Почти не работал, в больнице не находил дела, от операций вообще отказался — тряслись руки: ждал ответа на свои апелляции в райком и обком. Вот уж точно — недели тянулись годами. И наконец — ура! Райком (не без нажима обкома, думаю) рекомендовал ограничиться строгим выговором с занесением в личную карточку.
Ты скажешь: «Обрадовался! За что же тебе строгий да еще с занесением?» Бог с ним, отвечу тебе, с этим выговором — в партии главное остался! А эти выговора… Кто их не получал для острастки в то время?

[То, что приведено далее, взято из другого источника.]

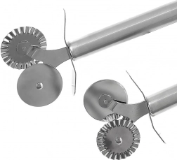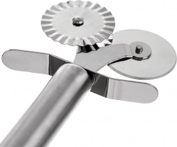 Egy sima kerék a tiszta, egyenes vágásokhoz és egy hullámos a díszes, recés szélekhez és a tészta lezárásához – ideális raviolihoz, kekszekhez és tarteletthez.
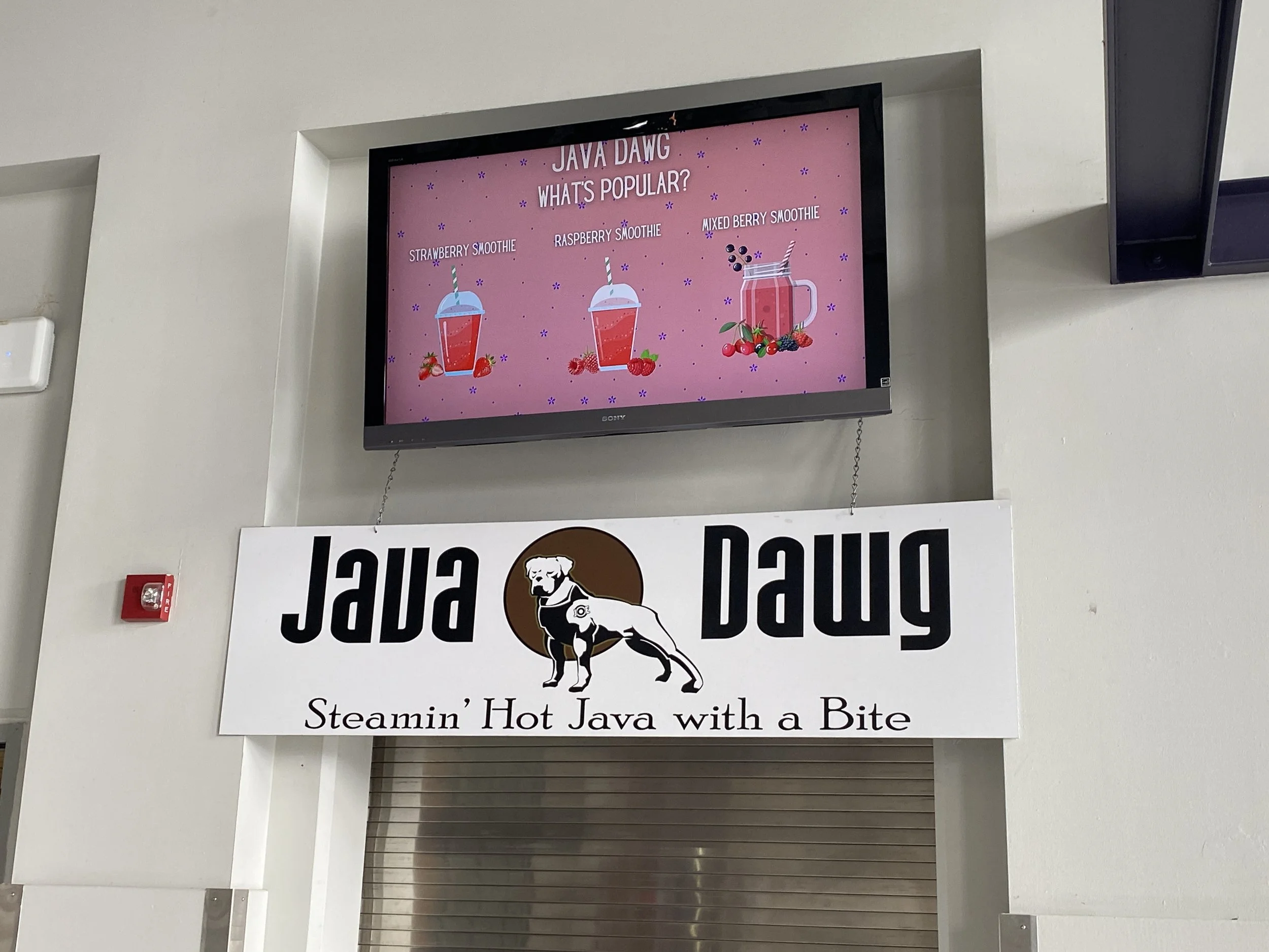 A student wrote the code for this Java Dawg coffee shop display. The banner was designed and created by students in the Arts, Information, and Communications program.

Ну, прибавилось седины на висках; ну, стал подергиваться левый глаз; ну, жена почти возненавидела меня: «Борец отыскался, ни себе, ни другим жить не даешь!» Ну, душа будто ополовинилась — не умерла же. Главное — хожу, мыслю, работаю. Живу! И вижу все, и не успокоюсь, и правде не изменю.
Уговаривал Софрина и Шарапова не сдаваться: пусть они нас боятся, пусть знают — мы здесь, рядом… Отступились: «Кнутом обуха не перешибешь». Вытолкнули их из Села «по собственному желанию» и с положительными характеристиками (другим на перевоспитание этих умников!), да они не шибко и держались за опостылевшее им место: приезжими были.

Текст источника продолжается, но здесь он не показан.